I'm using xarray with data for which I have measurements and errors.
I store these along a dimension moment in the dataset with coordinates value and variance.
When I compute for example the mean along a dimension I need values and variances to be treated differently as the former should be combined as
mean_values = sum(values)/len(values)
but the latter as
mean_variance = sum(variances**2)/len(variances).
Currently I'm doing this by forming two new datasets and concatinating them. This is very ugly, convoluted and not suited to more complex calculations. I would like to be able to do this kind of operation in one step, perhaps by defining a function taking values and variances as input and then broadcasting the dataset dimension moment onto it.
Given a dataset q_lp with dimensions moment, time, position:
q_lp_av = q_lp.sel(moment='value').mean(dim='time')
q_lp_var = q_lp.sel(moment='variance').reduce(average_of_squares, dim='time')
q_lp = xr.concat([q_lp_common_av, q_lp_common_var], dim='moment')
where average_of_squares is defined by
def average_of_squares(data, axis=None):
sums = np.sum(data**2, axis=axis)
if axis:
return sums/np.shape(data)[axis]**2
return sums/len(data)**2
What better ways are there to handle this?
Is it possible to use xr.apply_ufunc and a my_average function to do this in one step and in-place?
Should I no be putting theses into one dataset together at all? q_lp is later on combined with other quantities, also with dimensions moment, pos and time, into a DataSet.
I'm grateful for discussion, ideas, tips and links to examples.
Edit:
To clarify, I don't like splitting the DataArray, handling each moment seperately and concatenating them again.

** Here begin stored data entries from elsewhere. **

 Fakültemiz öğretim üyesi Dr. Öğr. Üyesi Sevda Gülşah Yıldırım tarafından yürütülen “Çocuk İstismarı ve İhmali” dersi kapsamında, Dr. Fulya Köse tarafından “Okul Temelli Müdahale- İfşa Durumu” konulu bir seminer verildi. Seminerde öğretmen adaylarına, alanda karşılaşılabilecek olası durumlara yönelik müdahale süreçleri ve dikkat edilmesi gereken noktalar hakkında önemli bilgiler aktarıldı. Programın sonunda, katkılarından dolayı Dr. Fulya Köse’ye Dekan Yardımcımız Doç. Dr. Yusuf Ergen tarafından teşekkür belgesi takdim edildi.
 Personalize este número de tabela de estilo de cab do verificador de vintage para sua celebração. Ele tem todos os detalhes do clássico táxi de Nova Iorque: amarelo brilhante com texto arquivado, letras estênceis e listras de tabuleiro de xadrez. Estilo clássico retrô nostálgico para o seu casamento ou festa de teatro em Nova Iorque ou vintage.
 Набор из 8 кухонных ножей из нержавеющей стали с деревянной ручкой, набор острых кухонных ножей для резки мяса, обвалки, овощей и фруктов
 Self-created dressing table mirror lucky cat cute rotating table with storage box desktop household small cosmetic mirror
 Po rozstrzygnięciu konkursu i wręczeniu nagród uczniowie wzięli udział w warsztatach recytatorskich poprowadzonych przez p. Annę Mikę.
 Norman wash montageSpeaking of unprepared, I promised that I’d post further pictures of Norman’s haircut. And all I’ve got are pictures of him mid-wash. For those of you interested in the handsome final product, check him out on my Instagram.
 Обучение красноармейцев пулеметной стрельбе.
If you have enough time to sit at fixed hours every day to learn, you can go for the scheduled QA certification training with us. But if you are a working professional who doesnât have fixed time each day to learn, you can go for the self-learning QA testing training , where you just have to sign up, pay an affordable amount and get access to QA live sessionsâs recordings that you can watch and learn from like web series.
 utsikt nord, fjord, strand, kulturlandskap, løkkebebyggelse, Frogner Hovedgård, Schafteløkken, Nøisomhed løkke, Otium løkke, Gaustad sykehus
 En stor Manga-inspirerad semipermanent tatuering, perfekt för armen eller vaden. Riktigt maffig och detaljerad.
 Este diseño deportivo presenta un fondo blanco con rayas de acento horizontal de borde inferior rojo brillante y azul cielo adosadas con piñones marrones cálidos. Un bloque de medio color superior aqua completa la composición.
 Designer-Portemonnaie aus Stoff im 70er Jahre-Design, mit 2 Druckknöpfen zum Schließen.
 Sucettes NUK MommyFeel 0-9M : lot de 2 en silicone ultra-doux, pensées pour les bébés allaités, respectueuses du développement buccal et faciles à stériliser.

I would prefer a possibility to do the following (untested pseudocode for illustration):
def multi_moment_average(mean, variance):
mean = np.average(mean)
variance = np.sum(variance**2)/len(variance)
return mean, variance
q_lp.reduce(multi_moment_average, broadcast='moment', dim='time')
Minimal working example:
import numpy as np
import xarray as xr
def average_of_squares(data, axis=None):
sums = np.sum(data**2, axis=axis)
if axis:
return sums/np.shape(data)[axis]**2
return sums/len(data)**2
times = np.arange(10)
positions = np.array([1, 3, 5])
values = np.ones((len(times), len(positions))) * (2 + np.random.rand())
variance = np.ones((len(times), len(positions))) * np.random.rand()
q_lp = xr.DataArray(np.array([values, variance]),
coords=[['value', 'variance'], times, positions],
dims=['moment', 'time', 'position'])
q_lp_av = q_lp.sel(moment='value').mean(dim='time')
q_lp_var = q_lp.sel(moment='variance').reduce(average_of_squares, dim='time')
q_lp = xr.concat([q_lp_av, q_lp_var], dim='moment')
I think you can write your function in an xarray-friendly way, and then call it on your data. i.e.
def average_of_squares(data, dim=None):
sums = (data ** 2).sum(dim)
return sums/data.count(dim)**2
q_lp_var = q_lp.sel(moment='variance').pipe(average_of_squares, dim='time')
Having them concat-ed in the same DataArray is fine; it might be a more natural fit for items on a Dataset, though.
Does that answer your question?
Edit: re the edited question, I think holding the items in a Dataset rather than a DataArray is most coherent with the data structures. It seems like the mean & variance are two different arrays you want aligned on the same indexes, so a Dataset is ideal
I found a solution that suits my needs, but am still grateful for more suggestions:
groupby can seperate a Dataset or DataArray along a specified dimension, list thereof creates (key, value) tuples and dict of this has essentially the form of a keyword dictionary. See http://xarray.pydata.org/en/stable/groupby.html
My current solution thus looks like this:
import xarray as xr
def function_applier(data, function, split_dimension=None, **function_kwargs):
return xr.concat(
function(
**dict(list(data.groupby(split_dimension))),
**function_kwargs),
dim=split_dimension)
Now I can define functions taking specific coordinates as inputs which can be written to also work for e.g. numpy arrays.
(MWE using the specific example of my original question here)
import numpy as np
def average_of_gaussians(val, var, dim=None):
return val.mean(dim), (var ** 2).sum(dim)/var.count(dim)
val = np.random.rand(12).reshape(2,6)
var = 0.1*np.random.rand(12).reshape(2,6)
da = xr.DataArray([val, var],
dims=['moment','time','position'],
coords=[['val','var'],
np.arange(6),
['a','b']])
>>>da
<xarray.DataArray (moment: 2, position: 2, time: 6)>
array([[[0.66233728, 0.71419351, 0.96758741, 0.96949021, 0.94594299,
0.05080628],
[0.44005458, 0.64616657, 0.69865189, 0.84970553, 0.19561433,
0.8529829 ]],
[[0.02209967, 0.02152369, 0.09181031, 0.00223527, 0.01448938,
0.01484197],
[0.05651841, 0.04942305, 0.08250529, 0.04258035, 0.00184209,
0.0957248 ]]])
Coordinates:
* moment (moment) <U3 'val' 'var'
* position (position) <U1 'a' 'b'
* time (time) int32 0 1 2 3 4 5
>>>function_applier(da,
average_of_gaussians,
split_dimension='moment',
dim='time')
<xarray.DataArray (moment: 2, position: 2)>
array([[0.71839295, 0.61386263],
[0.001636 , 0.00390397]])
Coordinates:
* position (position) <U1 'a' 'b'
* moment (moment) object 'val' 'var'
Note the input names equal to the coordinates for average_of_gaussians. The different operation on each variable in one function and the lack of references to xarray within it are the properties I am after.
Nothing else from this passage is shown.